Description
Describe the bug
UTILITY::Clean_name() in SOFIE_common.cxx (line 513) erases dot characters (.) from tensor names instead of replacing them with a safe character (e.g., _). This causes tensor name collisions when parsing TorchScript models whose ONNX graphs contain dotted intermediate names.
The Collision
TorchScript generates intermediate tensor names using a sequential dotted pattern:
input.1 → input0 → input1 → input2 → ...
When Clean_name() processes these:
| Original Name |
After Clean_name() |
Intended Role |
input.1 |
input1 |
Model input tensor |
input1 |
input1 |
Intermediate tensor (output of first op) |
Both map to the same C++ variable name input1, causing the generated inference code to contain duplicate declarations or silently overwrite tensor data.
Root Cause
// SOFIE_common.cxx line 513-518
std::string UTILITY::Clean_name(std::string input_tensor_name){
std::string s (input_tensor_name);
std::replace( s.begin(), s.end(), '-', '_');
s.erase(std::remove_if(s.begin(), s.end(),
[]( char const& c ) -> bool { return !std::isalnum(c) && c != '_'; } ), s.end());
return s;
}
The function replaces - → _ explicitly, but all other non-alphanumeric characters (including .) are erased rather than replaced. This is inconsistent: - gets a safe replacement while . gets deleted.
Affected Parsers
- PyTorch parser (
RModelParser_PyTorch.cxx): TorchScript ONNX graphs consistently use dotted names (input.1, x.1, etc.).
- ONNX parser (
RModelParser_ONNX.cxx): Some ONNX models from external tools also use dotted tensor names.

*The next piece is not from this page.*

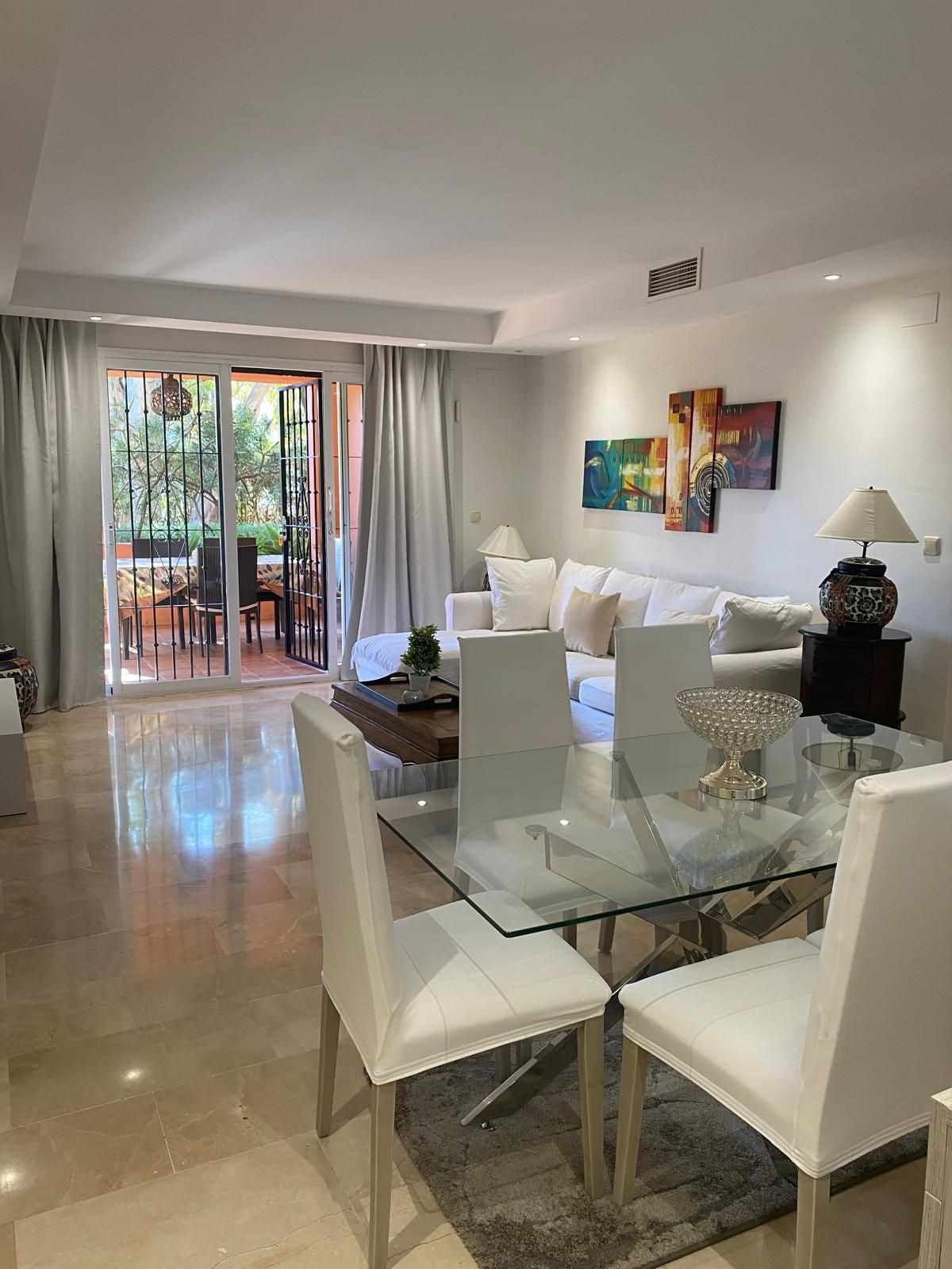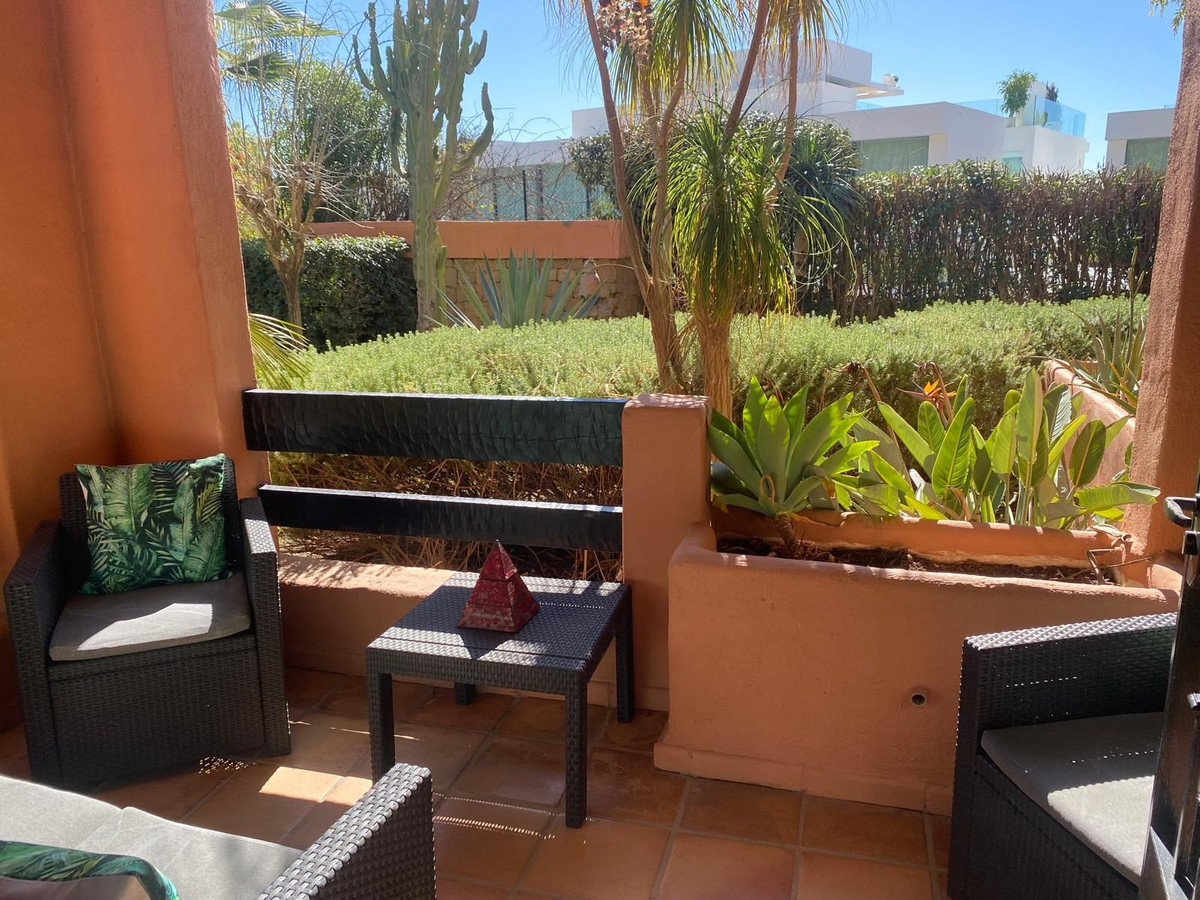 Beautiful south-facing apartment with garden views in a Mediterranean-style complex on the Golden Mile. 8 minutes walk to the beach! This ground-floor property consists of: a bright living-dining room with access to a large terrace; an open-plan kitchen with a separate laundry room; en-suite bedrooms with access to the main terrace; and a guest bedroom with an en-suite bathroom.

- Keras parser: Not directly affected (Keras uses
_ in names natively).
Why Existing Tests Pass
The existing PyTorch parser tests (SEQUENTIAL_MODEL, MODULE_MODEL, CONVOLUTION_MODEL) pass by coincidence. TorchScript happens to generate non-colliding name sequences for those specific architectures. Models using operators like Tanh, Softmax, or BatchNormalization trigger the collision because TorchScript assigns sequential dotted names without gaps.
Proposed Fix
Replace dots with underscores before erasing, consistent with the existing - → _ treatment:
std::string UTILITY::Clean_name(std::string input_tensor_name){
std::string s (input_tensor_name);
std::replace( s.begin(), s.end(), '-', '_');
std::replace( s.begin(), s.end(), '.', '_'); // <-- add this line
s.erase(std::remove_if(s.begin(), s.end(),
[]( char const& c ) -> bool { return !std::isalnum(c) && c != '_'; } ), s.end());
return s;
}
This makes input.1 → input_1 (distinct from input1), eliminating the collision.
Alternative (parser-level workaround): Normalize dotted names on the Python side before they reach Clean_name(). This is what PR #21528 (PyTorch parser extension) implements as a workaround, but the root cause remains in Clean_name() and affects all parsers.
Reproducer
- Create a PyTorch model with
nn.Tanh() or any activation that causes TorchScript to assign sequential dotted tensor names:
import torch
import torch.nn as nn
model = nn.Sequential(
nn.Linear(4, 8),
nn.Tanh(),
nn.Linear(8, 6),
)
model.eval()
m = torch.jit.script(model)
torch.jit.save(m, "test_collision.pt")
- Parse with SOFIE:
using namespace TMVA::Experimental;
std::vector<size_t> shape{2, 4};
SOFIE::RModel model = SOFIE::PyTorch::Parse("test_collision.pt", {shape});
model.Generate();
- Inspect generated code - the model input
input.1 and the intermediate output of Gemm (input1) both become input1, producing a name collision.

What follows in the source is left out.